The invention also provides a method for solidifying carbon by using the cement-based material, which comprises the following steps: and coating the titanium sol carbon-fixing auxiliary agent on the surface of the cement-based material. The prior art generally admixes nanomaterials, oxides or special clinker componentsThe early carbonization process of the concrete is accelerated by entering the interior of the concrete, but the following problems can be caused: (1) The added materials are uniformly dispersed in the concrete material, and the surface carbonization effect of the concrete material is not obviously improved; (2) The carbonization depth of the surface layer is difficult to control, so that the problems of carbonization shrinkage of the surface layer volume, increase of surface rigidity and reduction of toughness are easily caused. Compared with the traditional internal doping mode, the method adopts the coating mode to more accurately control the surface carbonization of the cement-based material, enhance the carbonization rate of the surface of the cement-based material and improve the carbon curing effect of the cement-based material. The invention enhances the compactness of the surface layer of the cement-based material while fixing carbon, and ensures that the cement-based material absorbs and solidifies CO by carbonizing and refining the surface layer structure ₂ Meanwhile, the negative influence caused by continuous carbonization of the cement-based material can be avoided.

Detailed Description

The invention provides a preparation method of a titanium sol carbon-fixing auxiliary agent, which comprises the following steps:

mixing titanium tetraisopropoxide and ammonia water, carrying out hydrolysis reaction, and drying the obtained hydrolysis reaction solution to obtain titanium dioxide powder;

mixing the titanium dioxide powder with sodium polyacrylate and a methyldiethanolamine aqueous solution, and carrying out amination treatment to obtain a solution A;

mixing water and ethanol to obtain a solution B;

and mixing the solution A, the solution B and a catalyst, and carrying out sol to obtain the titanium sol carbon-fixing auxiliary agent.
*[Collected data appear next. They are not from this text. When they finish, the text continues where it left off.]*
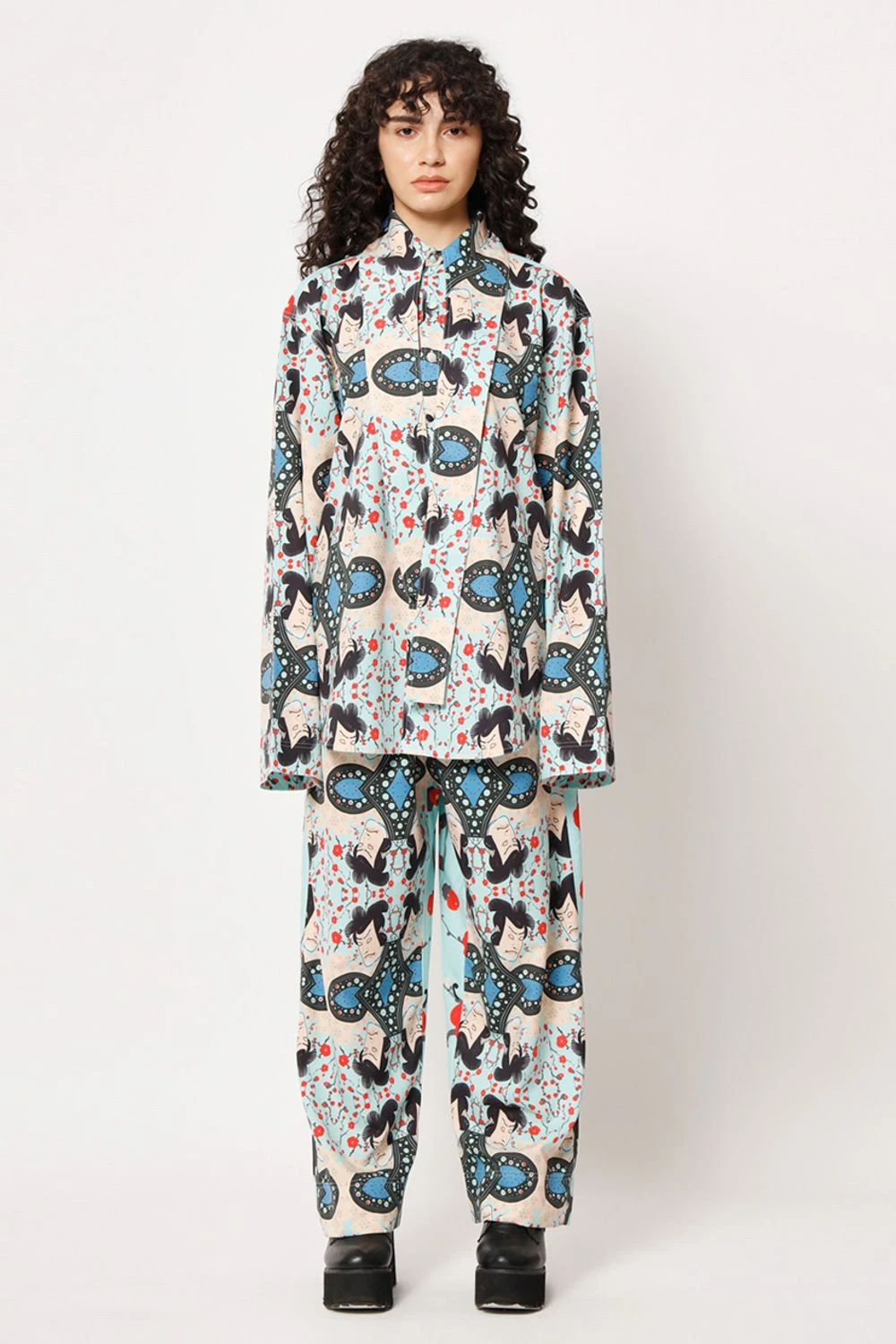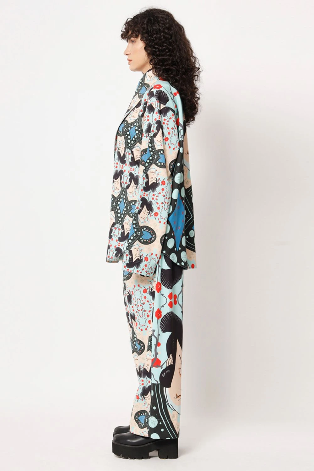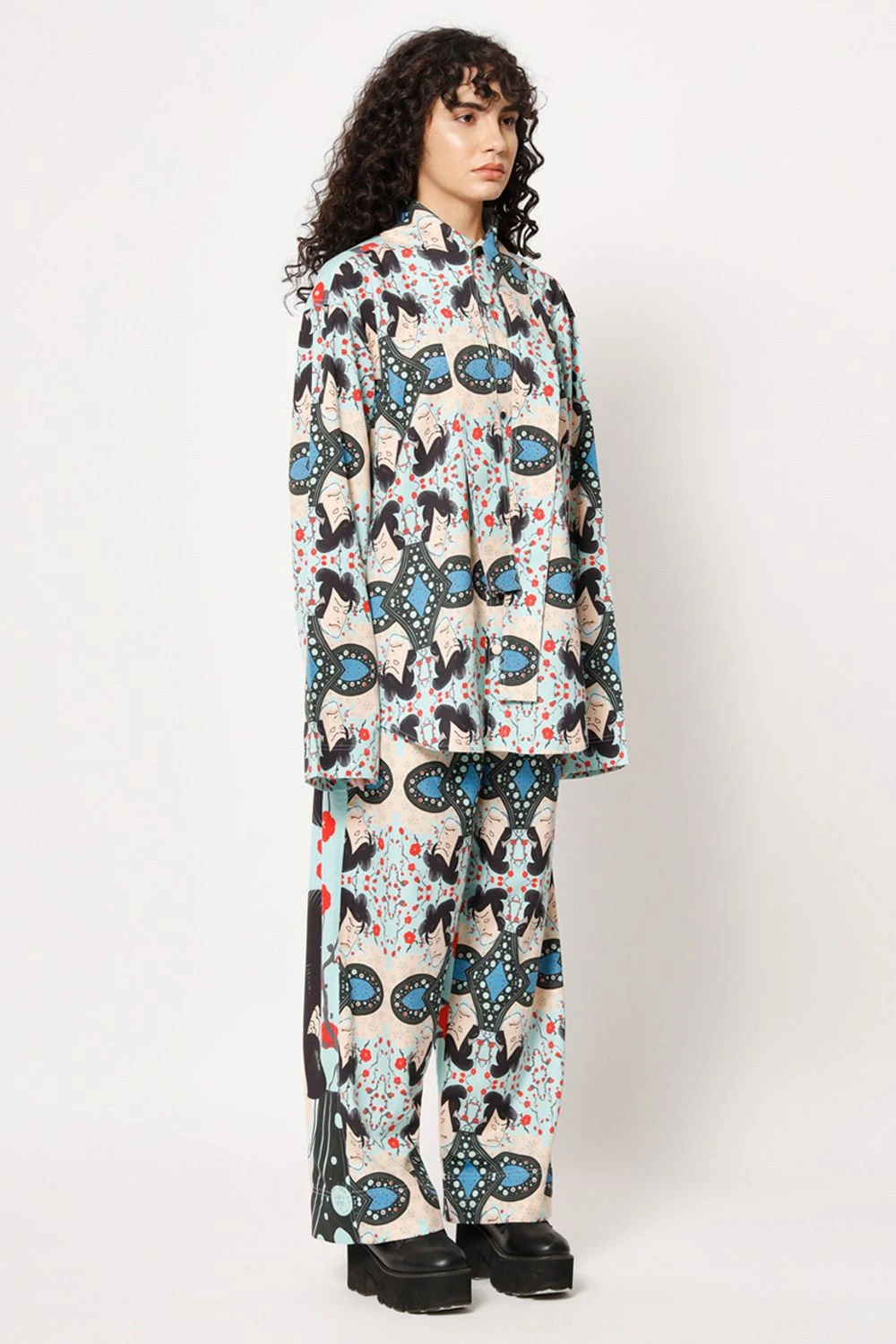 Elevate your casual look with this shirt. The elongated collar adds a touch of sophistication to the overall design. Featuring a captivating digital print with a samurai warrior transformed into a check pattern, this shirt exudes an artistic charm.
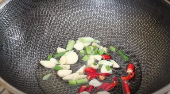 4、准备适量洗净的小葱切葱花,生姜切片,蒜瓣切成片,小米辣切成圈备用。起锅倒入适量食用油,油热后放入葱话、姜片、蒜片、小米辣先炒香,然后放入洋葱继续翻炒,将洋葱炒至断生,接下来放入花甲翻炒一下,接下来放点生抽、食用盐、白糖调味,将调味料翻炒均匀,最好加入水淀粉勾芡,炒至汤汁浓稠就可以了。
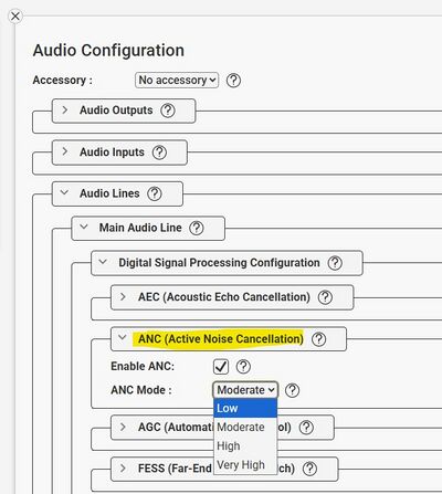 ANC setting in the Zenitel Connect Pro
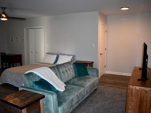 10 photos Furnished studio with totally renovated kitchen - dishwasher, disposal, full size fridge and more! 2 coffee makers to keep you going. In-unit laundry, smart TV, plenty of closet space, and off-street parking. Rent includes electric, water, and WiFi. Option to rent attached 2+ car garage for cars/storage/workshop/hobbies for additional charge. No smoking, max 2 tenants at this property. Rent includes electric, water, and WiFi. Background/credit check required. Monthly income must be 3X greater than monthly rent.

Titanium tetraisopropoxide and ammonia water are mixed for hydrolysis reaction, and the obtained hydrolysis reaction solution is dried to obtain titanium dioxide powder. In the present invention, the titanium tetraisopropoxide (Ti { OCH (CH)) ₃ ) ₂ } ₄ ) And ammonia monohydrate (NH) in aqueous ammonia ₄ OH) is preferably 1 to 15, more preferably 1. In the present invention, the mass concentration of the ammonia water is preferably 25%.

In the present invention, the hydrolysis reaction is preferably carried out under stirring conditions, and more preferably under magnetic stirring. In the present invention, the time of the hydrolysis reaction is preferably 30 to 40min, and more preferably 35min; the temperature of the hydrolysis reaction is preferably room temperature. In the present invention, the rotation speed of the magnetic stirring is preferably 400 to 600r/min, and more preferably 500 to 550r/min.
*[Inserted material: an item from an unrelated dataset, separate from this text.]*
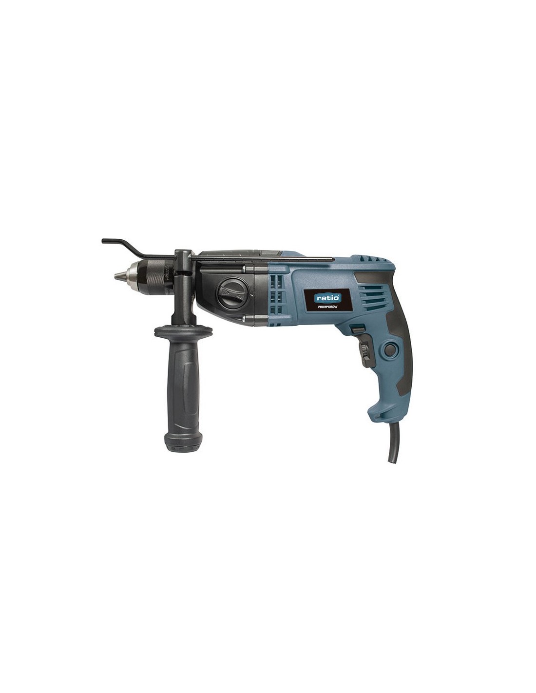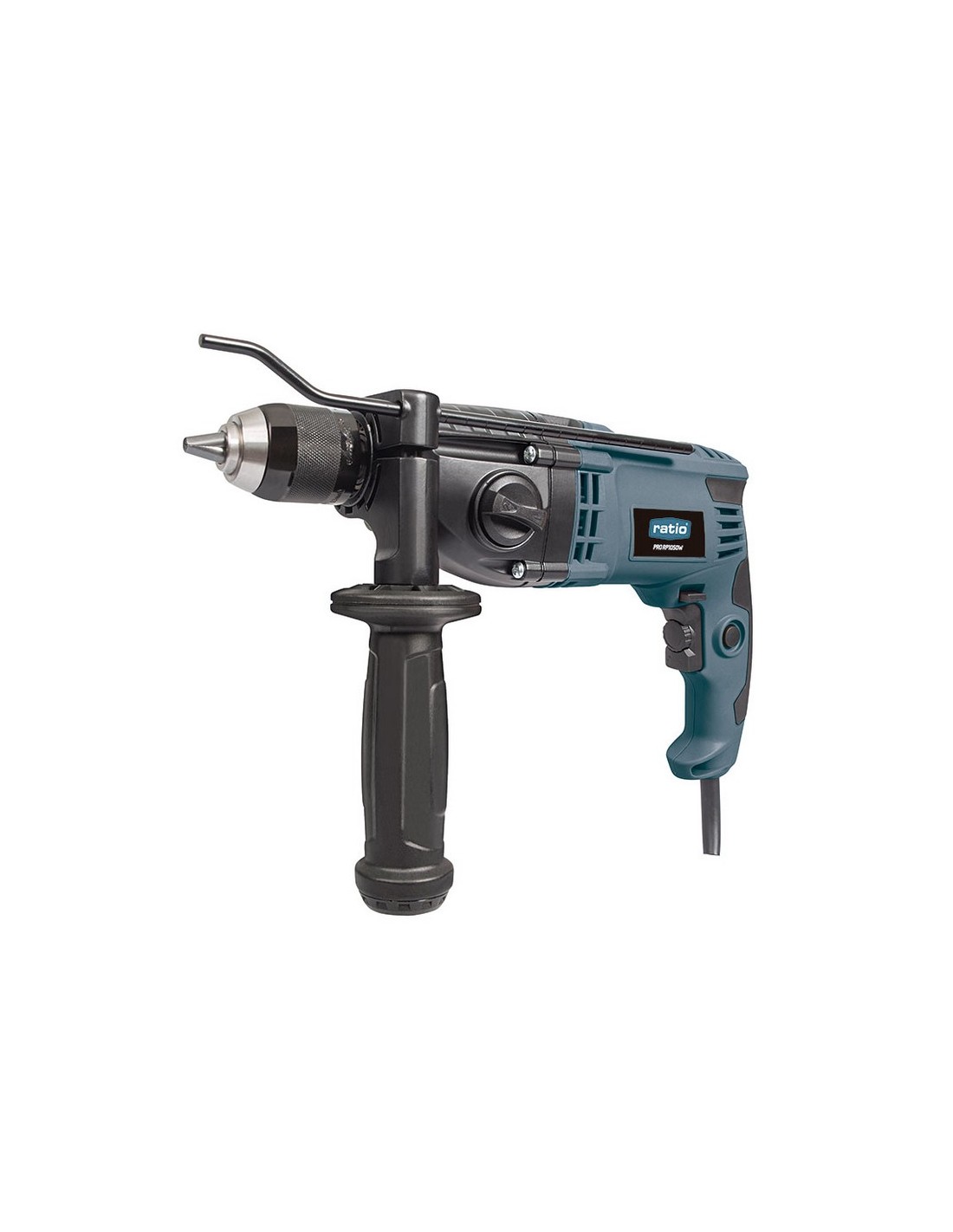 Taladro eléctrico RATIO PRO RP1050W Regulador electrónico de velocidad. Dirección de taladro reversible. 2 velocidades. Portabrocas metálico automático ø 1,5-13 mm. Caja de engranajes de aluminio. Empuñadura bimaterial, empuñadura auxiliar y tope de profundidad metálico. Maletín de transporte. Potencia: 1.050 W.

In the present invention, the temperature of the drying treatment is preferably 80 to 100 ℃, and more preferably 90 ℃. In the present invention, the average particle diameter of the titanium dioxide powder is preferably 50nm. In the present invention, the molar ratio of the titanium tetraisopropoxide to the titanium dioxide is preferably 1. The titanium dioxide powder prepared by the invention has high purity.

After titanium dioxide powder is obtained, the titanium dioxide powder, sodium polyacrylate and methyldiethanolamine aqueous solution are mixed and aminated to obtain solution A. In the present invention, the mass ratio of the titanium dioxide powder to the sodium polyacrylate is preferably 1100 to 2200, and more preferably 1600 to 2000; the mass ratio of the titanium dioxide powder to the methyldiethanolamine aqueous solution is preferably 0.35 to 0.40.
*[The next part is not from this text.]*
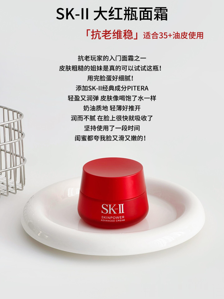 起原的第1瓶贵妇抗老面霜,这个符合年齿稍稍大少许的,肌肤陈腐皮肤情景差的,大红瓶更能干肌肤抗氧化,中枢身分PITERA身分,可以改善肌肤油脂分泌,均衡肌肤水油,从而邃密肌肤、缩毛孔。
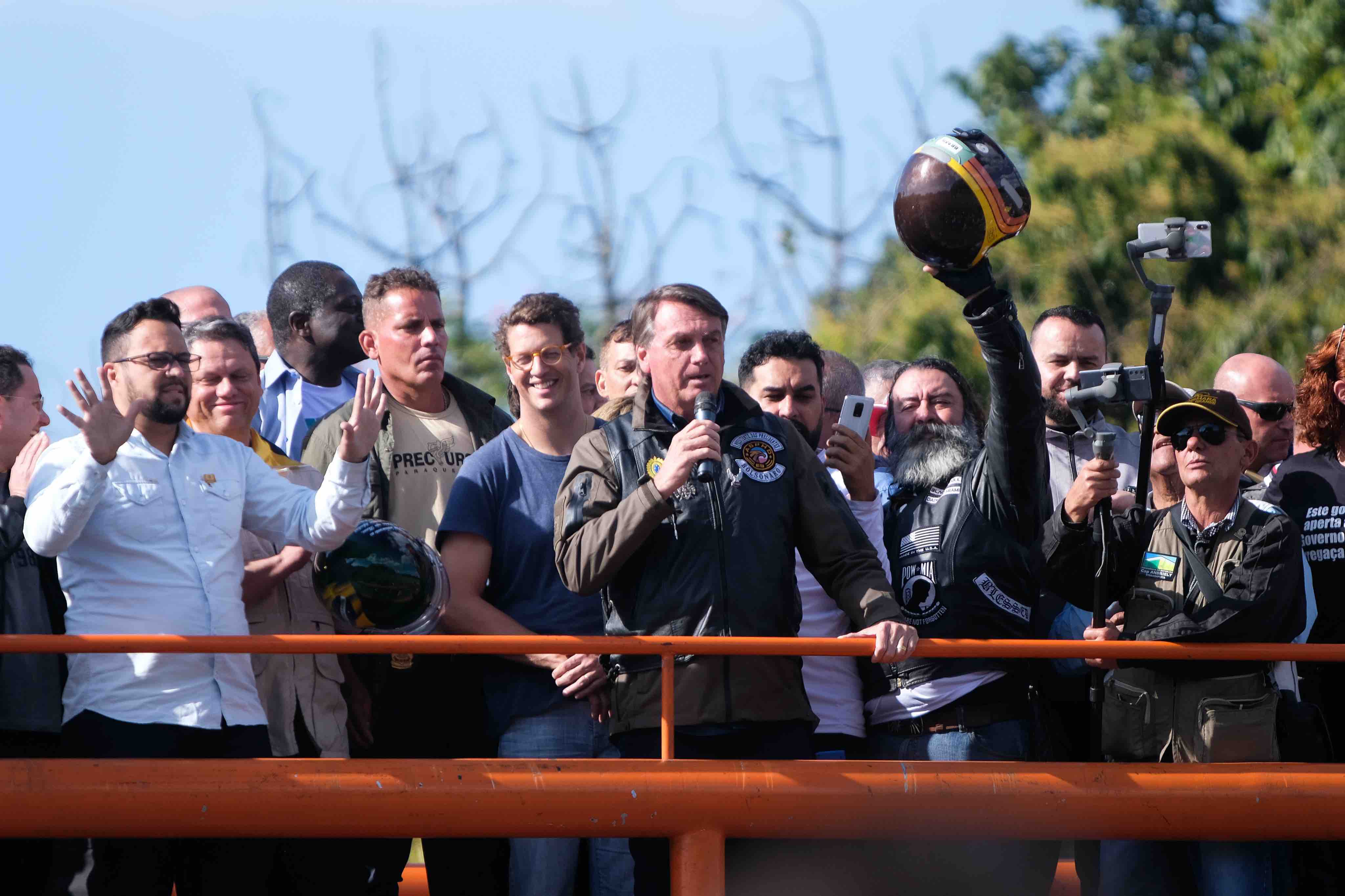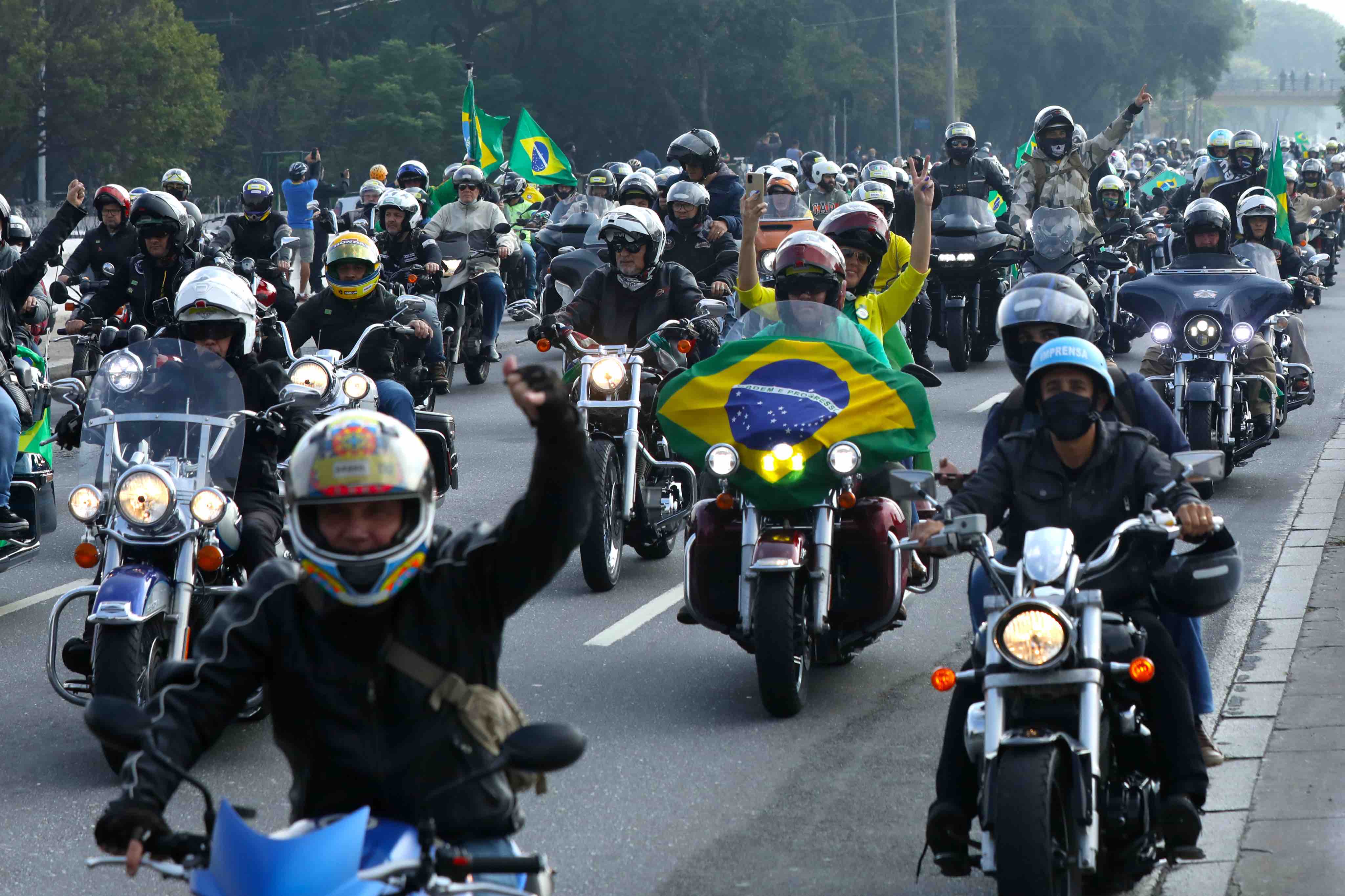 The maskless far-right president, defying a warning from São Paulo’s governor João Doria, waved to thousands of his supporters from his motorcycle.

In the present invention, the amination treatment is preferably performed under ultrasonic conditions; the frequency of the ultrasonic wave is preferably 20-25 Hz, and the power is preferably 900W; the time of the ultrasonic treatment is preferably 15 to 20min.

In the invention, water and ethanol are mixed to obtain a solution B. In the present invention, the molar ratio of water to ethanol in the solution B is preferably 1. In the present invention, the water is preferably deionized water; the ethanol is preferably anhydrous ethanol. In the present invention, the mixing is preferably performed under magnetic stirring, and the time of the magnetic stirring is preferably 5 to 10min.

After the solution A and the solution B are obtained, the solution A, the solution B and a catalyst are mixed and subjected to sol to obtain the titanium sol carbon-fixing auxiliary agent. In the present invention, the mass ratio of the titania powder to the B solution is preferably 1; the mass ratio of the titanium dioxide powder to the catalyst is preferably 100 to 150, more preferably 100. In the present invention, the catalyst is preferably polyvinylpyrrolidone (PVP) or carboxymethylcellulose (CMC).

In the present invention, the mixing of the solution a, the solution B and the catalyst preferably comprises: and mixing the solution A and the solution B, and adding a catalyst.

In the present invention, the temperature of the sol is preferably 30 to 40 ℃, more preferably 35 ℃; the heat preservation time is preferably 0.5-1 h. In the present invention, the solation is preferably performed under stirring conditions, and the rotation speed of the stirring is preferably 1300 to 1500r/min, more preferably 1400r/min.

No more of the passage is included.